遅咲

9月10日、対抗戦開幕戦・青山学院大戦。4年目にして初めて対抗戦アカクロスタメン出場を果たしたのがPR井元正大選手。

「前日の夕方にジャージプレゼンテーションがあって、明日自分が出るんだな…と思い始めるとだんだんと緊張してきました。」

布団に入りながらも、自身の持ち味であるスクラムについて試合のイメージをしていると「ちょっと寝れなかったです」と頭をかきます。試合に入りファーストスクラムを安定させると、ようやく気持ちが落ち着いたとデビュー戦を振り返ります。

「夏合宿とかと違って公式戦は自分たちも相手校さんも気持ちの持ちようが違うというのを感じました。スクラムではとにかく(HO佐藤)健次
とコミュニケーションを取るのを意識してやってました。このスクラムを押したいのか、安定させたいのか、そういう話をずっとヨコでしゃべっていました。全体的にスクラムは60点。良かったところはペナルティを取ったり、フリーキックを取ったりできた事、チームにとって良かったと思います。一方で相手の速い球出しもありましたが、相手ボールに対するプレッシャーがかけづらくて、そのあたりはこれからかなと思います。」

中学から早実、高校では相良昌彦主将、小泉怜史選手、植野智也選手、今駒有喜選手…「四天王」と呼ばれたメンバーとともに花園出場。大学入学後も先にアカクロデビューを果たした「四天王」を追いかけようと、学年を経る毎に順調にチームをあげます。そんな井元選手が悔しい出来事だったと振り返るのが昨年夏のEチームへの降格。

「自分は2年生から寮生で、周りが試合で活躍している中で、自分がなかなかチャンスが与えられないカテゴリーまでいってしまって…結構気持ちが辛かったです。」

そこで改めて気づいたのは、周囲との比較に振り回されていた自分の弱さでした。

「とにかく他人と比べてしまっていた。

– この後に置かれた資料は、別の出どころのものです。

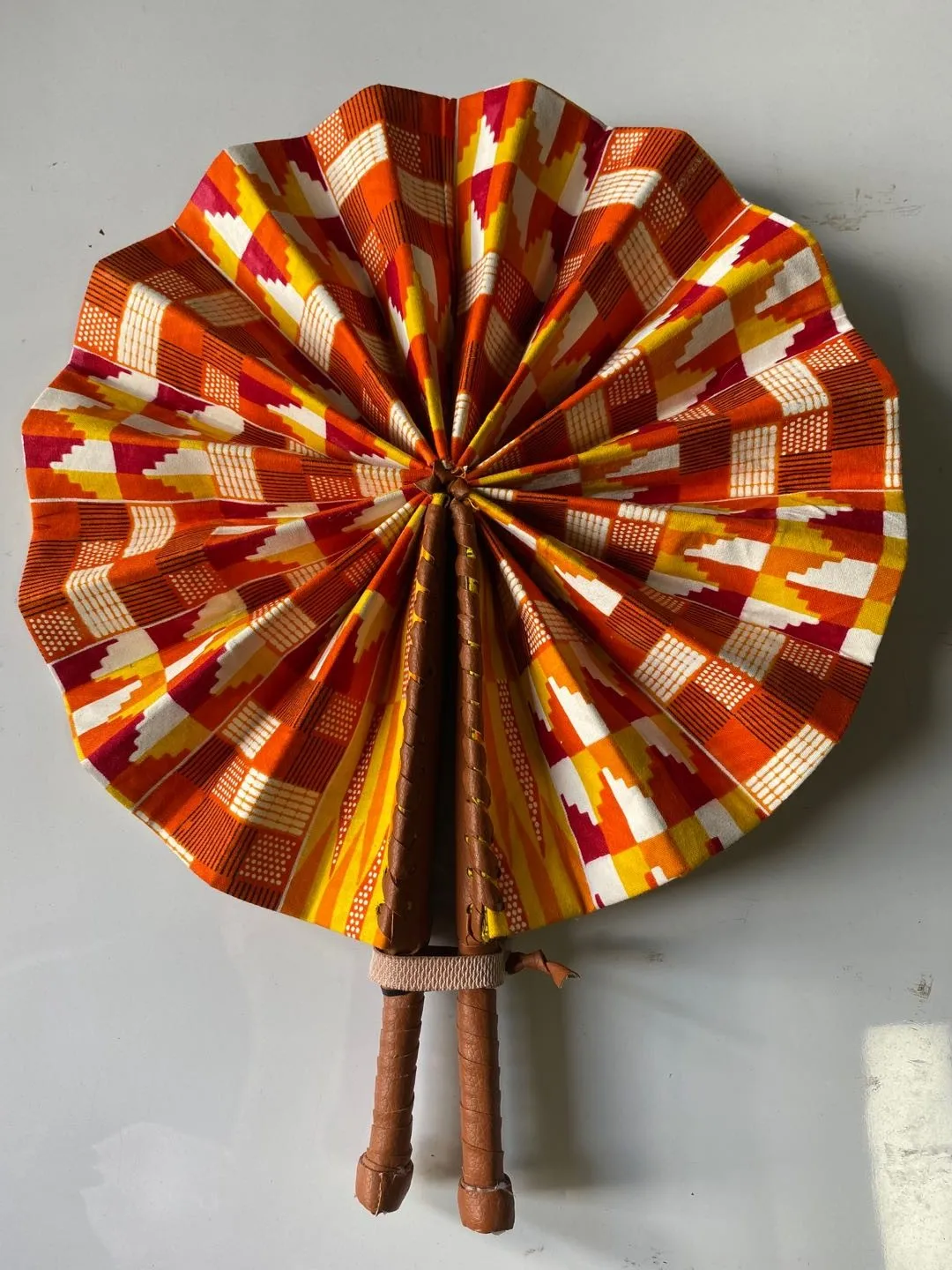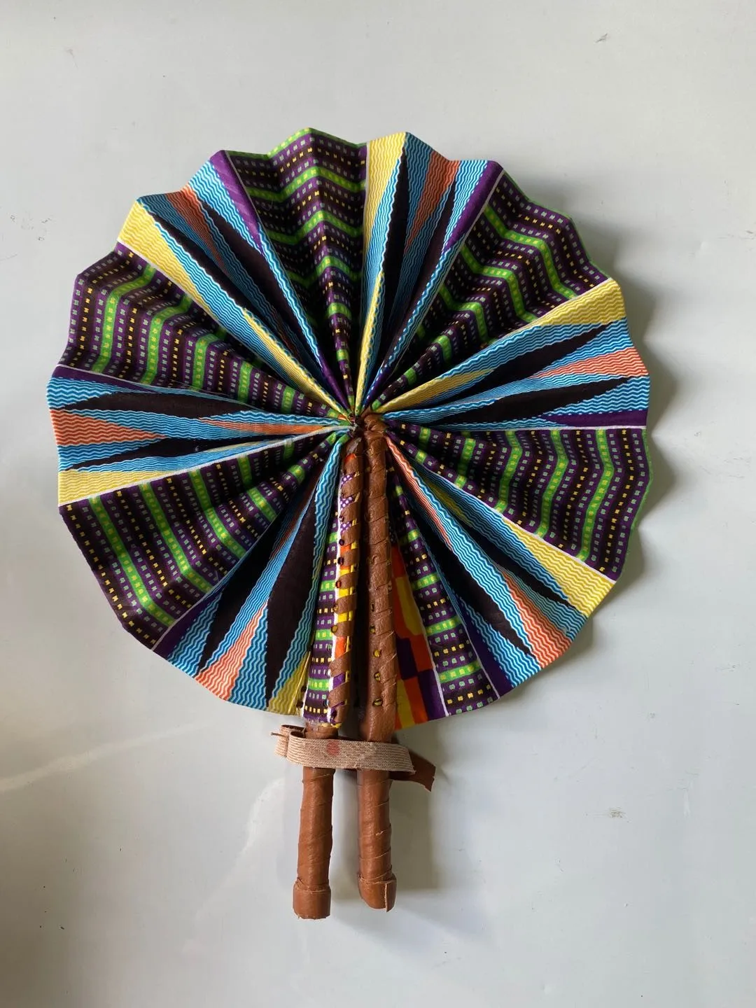 Африканский восковой принт ткани с кожаным складным веером узор Искусство

誰より何が優れている、何が劣っているとか、そういうことばかり考えていました。そんな中で自分より下(のチーム)がいなくなって気づいたことは自分にフォーカスを当てて、自分がどうなりたいかを考えるしかないということ。大学生活も半分が過ぎた3年生で時間がないという事で、とにかく自分の武器を作ろうと。ボールキャリアはセンスが問われると思うのですけど、ディフェンスのところはどれだけ体を当てられるかとか、仲間の為に頑張れるかとか、そういうところは自分から変わらなきゃと思いました。」

考え方が変わるとそれが言動にも。部内マッチで一方的に負けていたEチーム、チームメイトの中に広がるあきらめムードが気になり、試合中のインゴールの円陣で切り出します。

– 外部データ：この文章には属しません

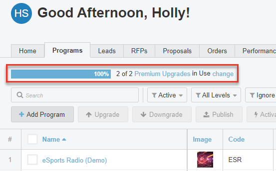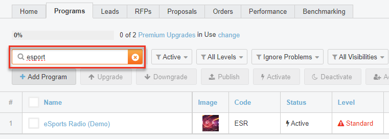 You will be able to search for or filter your listings, edit, add, & deactivate programs, set programs to Premium or Standard listings, and view program details.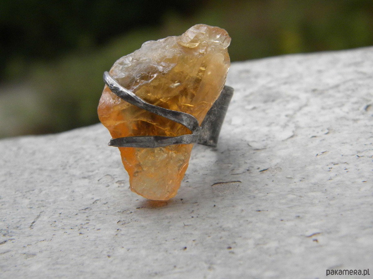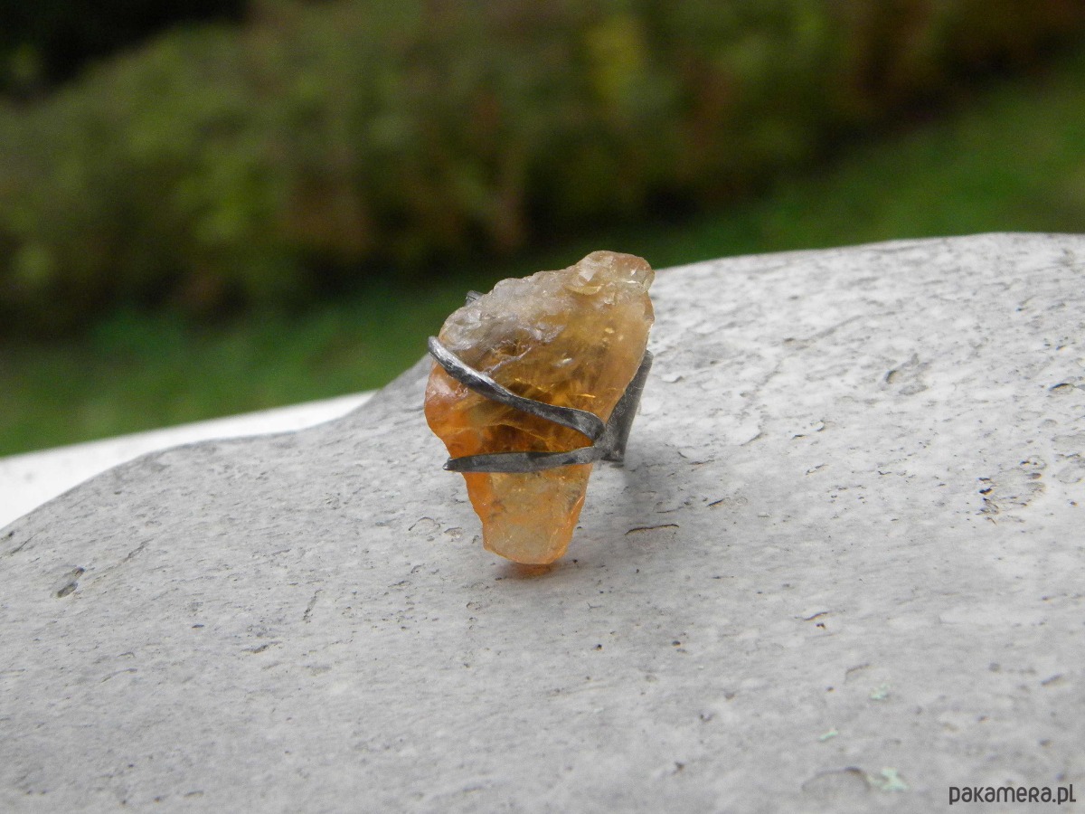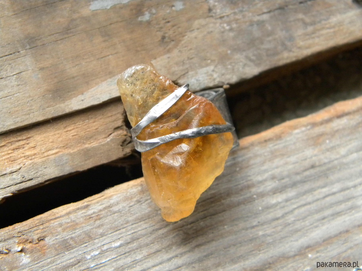 Pierścionek. surowy cytryn w ocynowanej miedzi.

「ミスしたヤツ、次のプレーで思いっきり良いプレーしよう。一つでも(チームの)カテゴリーをあげるんだ。抗え(あらがえ)。おれは本当にこんなところで終わりたくない。」

自分を見つめ直し、上だけを一点に見つめなおすと、そこからチームをあげて3年生の終わりにはBチームまで再浮上。小林賢太副将ら4年生PR陣が抜けた勝負のラストイヤー、1学年下の川ア太雅選手がPRにコンバートされるという情報を耳にしても、そこに他人と比較をし続けた過去の姿はありませんでした。

「(前コーチの)権丈さんが『上がいなくなったからと言って、Aになれるもんじゃないぞ』と強く言ってくれて、そのおかげもあって安定はないし、いつどの試合で変わるかもしれないし…と。とにかく自分にフォーカスを当てています。Eチームに居なかったら今の自分はないと思っています。」

ラストイヤーになって春から夏にかけてAチームに定着、持ち味のスクラムの成長を話します。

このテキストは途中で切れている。